Par un mémoire en défense, enregistré le 3 septembre 2025, le préfet de la Seine-Saint-Denis conclut au rejet de la requête.
Il fait valoir que la requête est dépourvue d’objet dès lors que la requérante s’est vu remettre une attestation de prolongation de l’instruction valable jusqu’au 26 novembre 2025.
Vu les autres pièces du dossier.
Vu :
- le code de l’entrée et du séjour des étrangers et du droit d’asile ;
- la loi n° 91-647 du 10 juillet 1991 ;
- le code de justice administrative.
La présidente du tribunal administratif a désigné Mme Mach, vice-présidente, en application de l’article L. 511-2 du code de justice administrative, pour statuer en matière de référés.
Considérant ce qui suit :
1. Mme B…, ressortissante congolaise née en 1983, était en dernier lieu titulaire d’un titre de séjour portant la mention « vie privée et familiale » valable du 22 juin 2024 au 21 juin 2025. Elle a déposé une demande de renouvellement de son titre de séjour sur le site de l’administration numérique pour les étrangers en France (ANEF) le 14 avril 2025. Mme B… demande au juge des référés, sur le fondement de l’article L. 521-3 du code de justice administrative, d’enjoindre au préfet de la Seine-Saint-Denis de lui délivrer une attestation de prolongation de l’instruction de sa demande de titre de séjour.

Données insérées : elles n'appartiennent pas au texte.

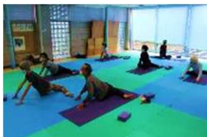
ストレッチ教室 11月8日開催 5人参加

Sur les conclusions présentées sur le fondement de l’article L. 521-3 du code de justice administrative :
2. Aux termes de l’article L. 521-3 du code de justice administrative : « En cas d’urgence et sur simple requête qui sera recevable même en l’absence de décision administrative préalable, le juge des référés peut ordonner toutes autres mesures utiles sans faire obstacle à l’exécution d’aucune décision administrative ».
3. Il résulte de l’instruction, et n’est pas contesté par la requérante, que Mme B… s’est vu remettre le 27 août 2025, postérieurement à l’introduction de la requête, une attestation de prolongation de l’instruction valable jusqu’au 26 novembre 2025. Par suite, les conclusions aux fins d’injonction et d’astreinte tendant à ce que le préfet lui délivre une attestation de prolongation de l’instruction sont devenues sans objet. Il n’y a, dès lors, plus lieu d’y statuer.
Sur les frais liés au litige :
4. Dans les circonstances de l’espèce, il n’y a pas lieu de mettre à la charge de l’Etat la somme demandée par le conseil de Mme B…, qui ne justifie au demeurant pas du dépôt d’une demande d’aide juridictionnelle, au titre des frais exposés et non compris dans les dépens sur le fondement des dispositions de l’article L. 761-1 du code de justice administrative et de l’article 37 de la loi du 10 juillet 1991.
O R D O N N E :
Article 1er : Il n’y a pas lieu de statuer sur les conclusions aux fins d’injonction et d’astreinte présentées par Mme B….
Article 2 : Le surplus des conclusions de la requête est rejeté.
Article 3 : La présente ordonnance sera notifiée à Mme A… B… et au ministre de l’intérieur.
Copie en sera adressée au préfet de la Seine-Saint-Denis.
Fait à Montreuil, le 20 octobre 2025.
La juge des référés,
A-S Mach
La République mande et ordonne au ministre de l’intérieur en ce qui le concerne et à tous commissaires de justice à ce requis en ce qui concerne les voies de droit commun contre les parties privées, de pourvoir à l’exécution de la présente décision.